Shortly after the beginning of fall, the yoga community was abuzz when the news broke that YogaGlo filed a patent application for “their” specific method of filming online yoga classes. The exact method is laid out in the the application:
The system and method place the instructor at the head of the classroom with live-participants arranged between the instructor and the camera with a direct line of sight between the camera and the instructor allowing for the viewer participant to have unobstructed views while simultaneously allowing for the viewer participant to have live participants in the periphery, as if the viewer was attending a live class.

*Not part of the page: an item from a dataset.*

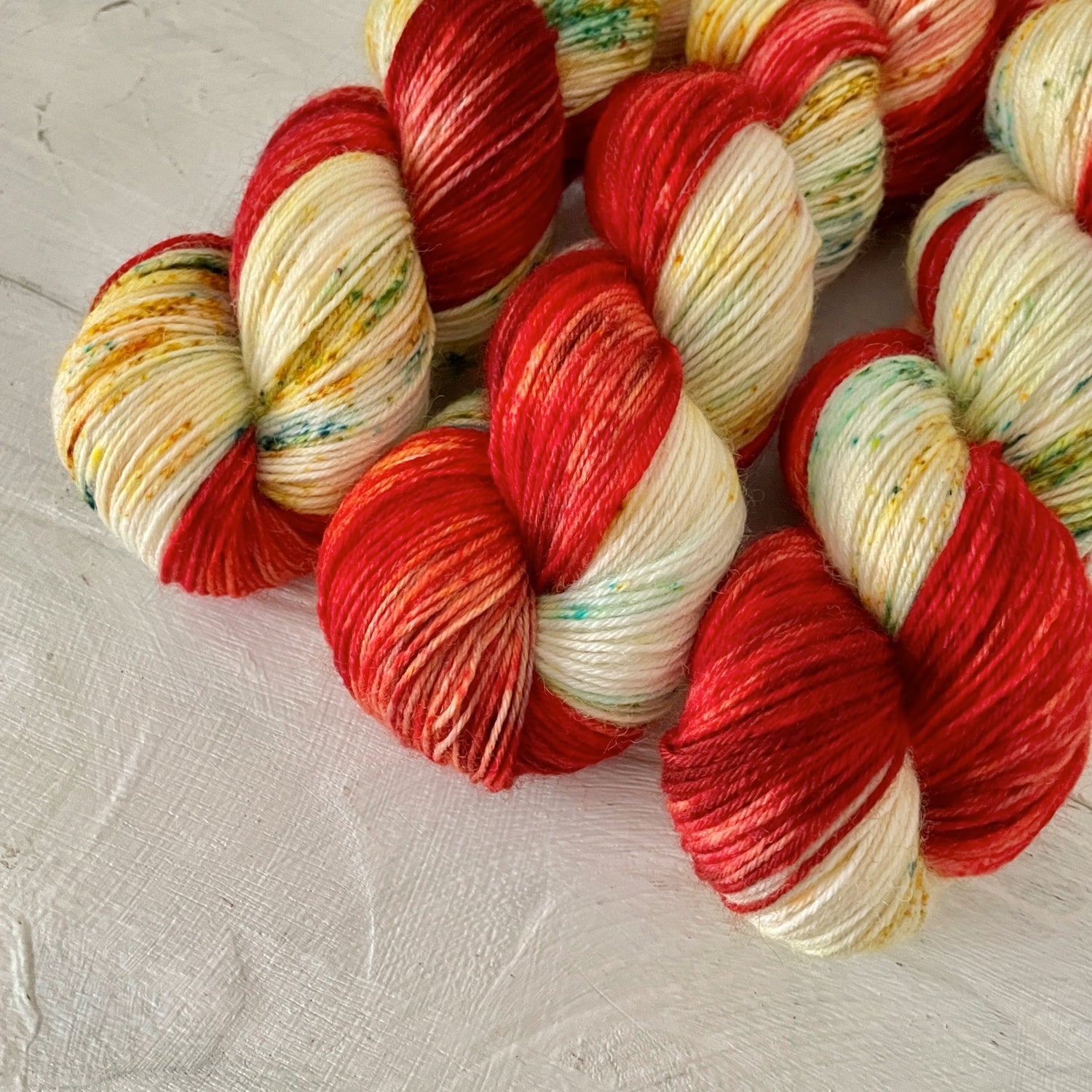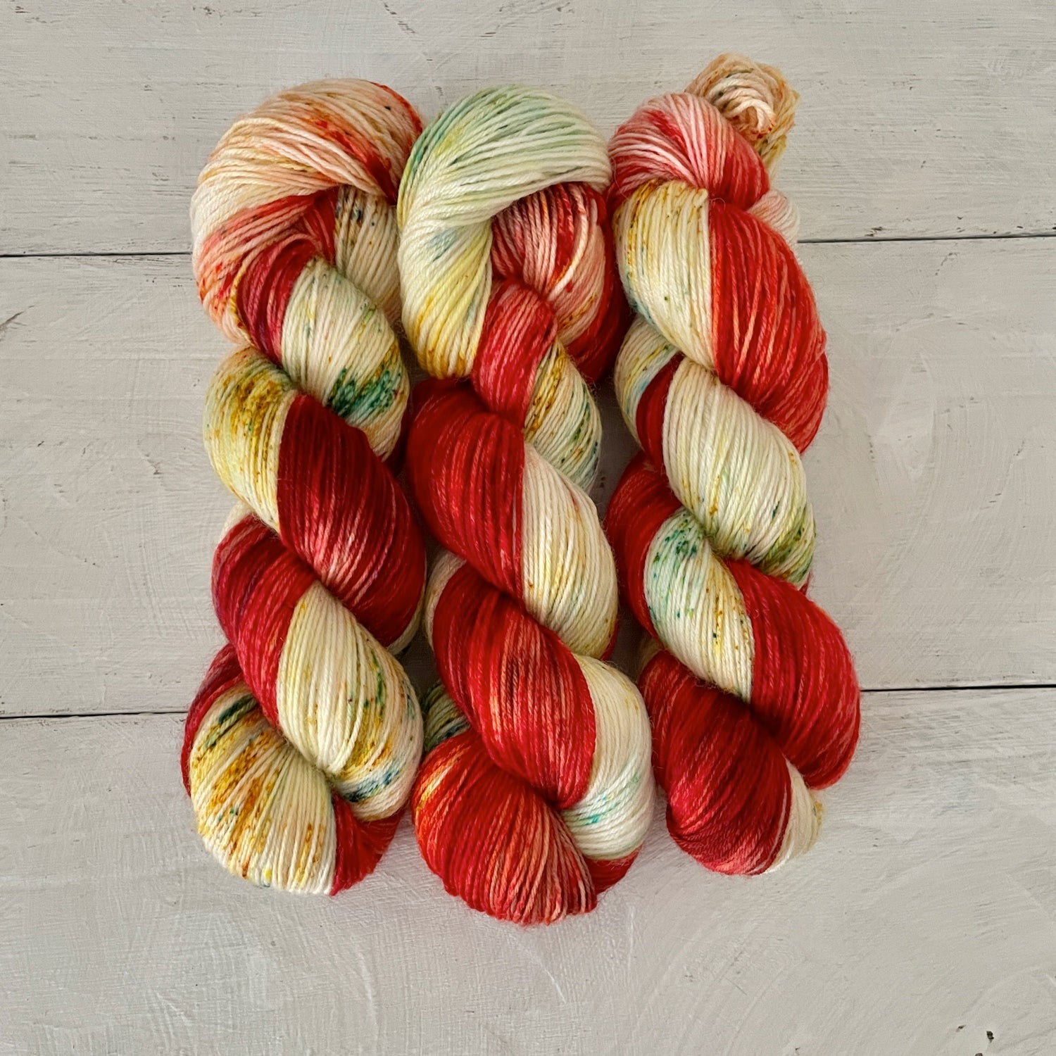 ドイツで「聖ニコラウスの日」(サンタクロースの原型となった聖人を祝う日)に唄われるわらべ歌をイメージしました。「Laßt uns froh und munter sein(楽しく陽気に)」という歌い出しの、子供らしい元気な歌です。プレゼントを待ちわびる子供たちの気持ちで染めてみました。靴下を編むとキャンディケーンのように縞々になります。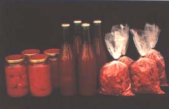 99. Peeled tomatoes, tomato pulp and dried tomatoes: three preservation techniques to be used when there is a glut of tomatoes, thus saving food which would otherwise go to waste.

In addition to filing for the patent, several sites that feature online yoga videos including Yoga International were issued cease-and-desist letters instructing them to remove their videos, lest they infringe on YogaGlo’s method. Word of YogaGlo’s actions quickly spread throughout the yoga community, and Yoga Alliance took a rather unprecedented move of weighing in on the controversy and setting up an online petition urging Yogaglo to withdraw its application. Over 14,000 signatures were collected. However, like a lot of things both inside and outside the yoga community, the controversy was soon forgotten by many…until now. So, what does Yogaglo’s victory mean for the future of online yoga classes? Simply put, no one really knows. Like many things, the devil is in the details. Originally, YogaGlo’s initial patent was rejected. It wasn’t until they added:
That the camera used to record the video must “provide a participatory view [which means ‘a view observed by a participant in the rear of the class,’ according to YogaGlo] from a height of about three feet
that the patent was granted. While some lawyers and legal scholars wonder if this patent would hold up in a court of law,
Yoga Alliance CEO Richard Karpel, who also holds a law degree, says that yoga teachers who video their classes for use online should be worried.
He adds that if indeed the patent is enforceable then yoga teachers may have to consult a lawyer to make sure they are not violating YogaGlo’s patent. If this sounds a tad sad, then you are not alone. In theory, I have no problems with patents even when it comes to yoga. If you come up with a specific, unique method, then why not legally own it? As an instructor, I understand all too well that the troubles that the vast majority of studios and instructors face just trying to earn a living and cover expenses. In their defense, YogaGlo issued a statement defending its actions, pointing out that they had not sued anyone and were not “trying to patent how classes were taught or how a teacher might film instruction in their own studio or how one might wish to film a DVD.” Rather, the claim the patent deals “very specifically with online streaming yoga classes and…with only one of many possible ways to film an online streaming yoga class.” Fair enough. However, there is a bigger question of why anyone should own any specific way to film a class. As Karpel said back in September, the idea of YogaGlo or anyone “owning” the rights to video online yoga classes in any manner just seems wrong. As Karpel says, “Even if YogaGlo was the first to come up with this idea—and there are people who contest that—but even if they were, it’s not the kind of idea that deserves legal protection.” It appears that rather than ending the controversy, issuing the patent could just be the start of a lengthy and costly legal and philosophical debate over who owns the right to film a yoga class and what if any parts of the practice of yoga are up for ownership to begin with. No matter what side of the debate one falls on, it will be interesting to see how this all plays out. One thing that is for sure is that the battle over intellectual property is not the first thing that most of us think of when it comes to yoga or the yogic path. Whoever ends up “winning” or “losing” may want to ask themselves: What Would Pantanjali Do?